People from all walks of life can be seen participating in this Night of Heritage. From the Baby Boomers to Generation X to the Millenials, you can feel the sense of camaraderie and pride. You can hear and see the older generation sharing their stories to the younger ones. 

Instead of a flashlight to light their way or pen and paper to write things down, participants were holding cameras and phones to document their observation and contact with culture and history. They would savor the moments once the photos have been uploaded to their social networking sites. Their memories forever etched in the digital world.

Fiesta at the Parian


There was a fiesta atmosphere when walking on the streets of downtown Cebu. A sense of community could be felt in the air. As I looked back and remember those exhilarating hours, I desperately hope that the experience of Cebu's Gabii Sa Kabilin would mean something to people. That it would be more than what they expected. We have to prepare for the future by bringing together the present with the past. Now is not the time for divisiveness. Let's bring back the "Bayanihan" Spirit that we, Filipinos, are known for. 

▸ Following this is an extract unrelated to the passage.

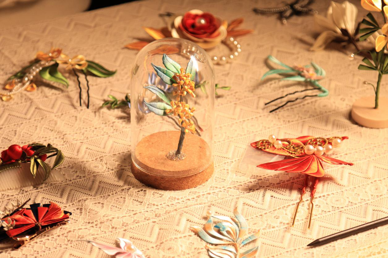 活动现场不少工作人员身着旗袍,绿发簪花,融入了传统文化的色彩,增添活动现场的氛围。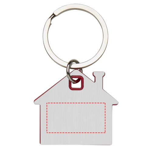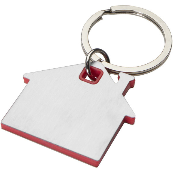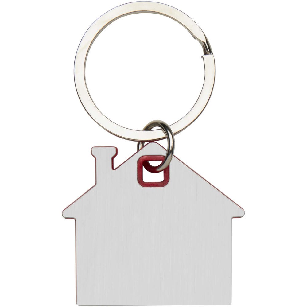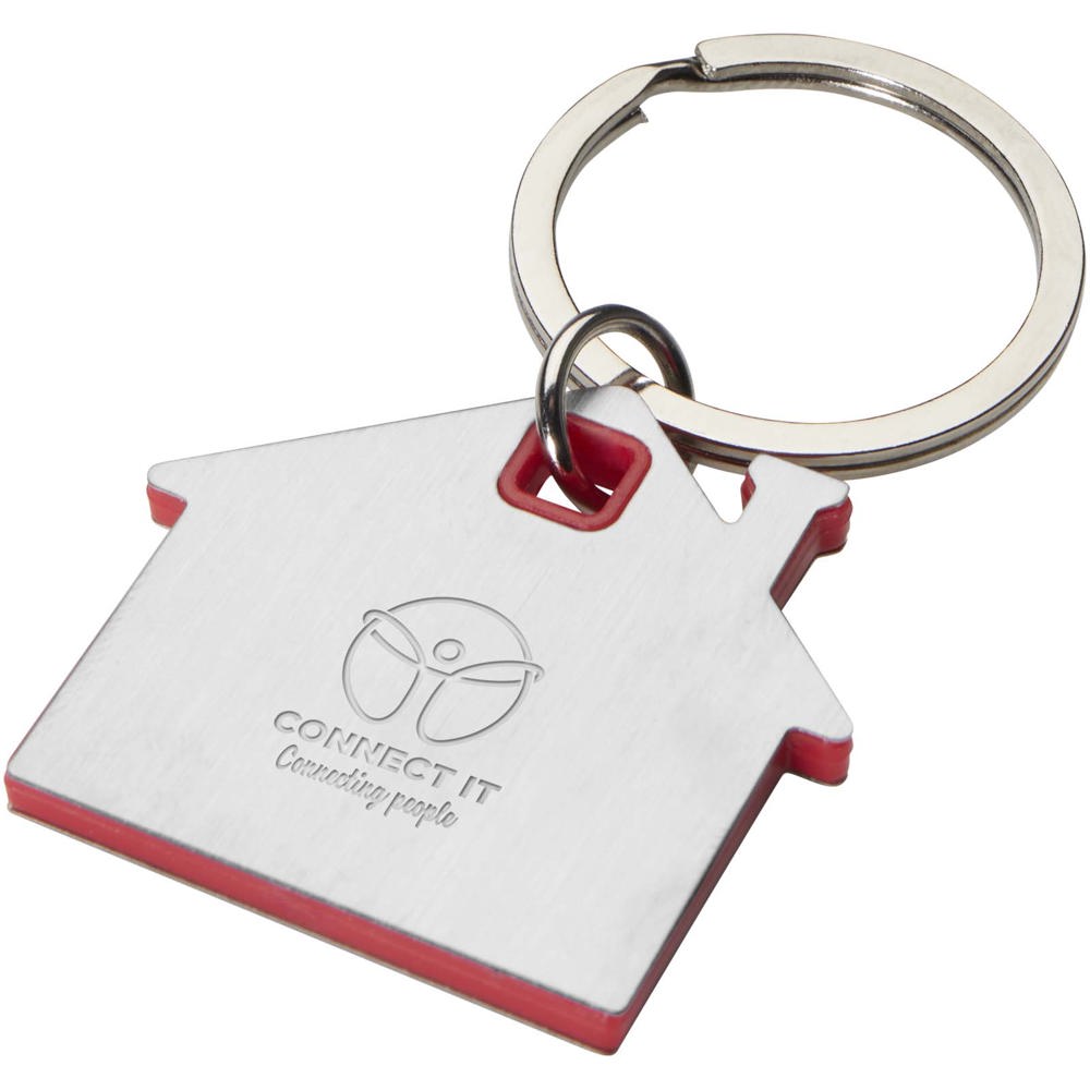 Schlüsselanhänger in Form eines Hauses mit einer Edelstahlplatte mit mattem Design auf der Vorder- und Rückseite und einem farbigen Kunststoffchip in der Mitte.

Philippine President Manuel Luis Quezon once said, "You do not live for yourselves and your families alone. You are a part of society to which you owe definite responsibilities." And almost 80 years later, that quote still resonates to the present condition of our society. 

It was truly a night of heritage, as we embarked on creating a new chapter to add to Sugbo's glorious history.

What will be your imprint in this world? What kind of footprint will you be leaving behind?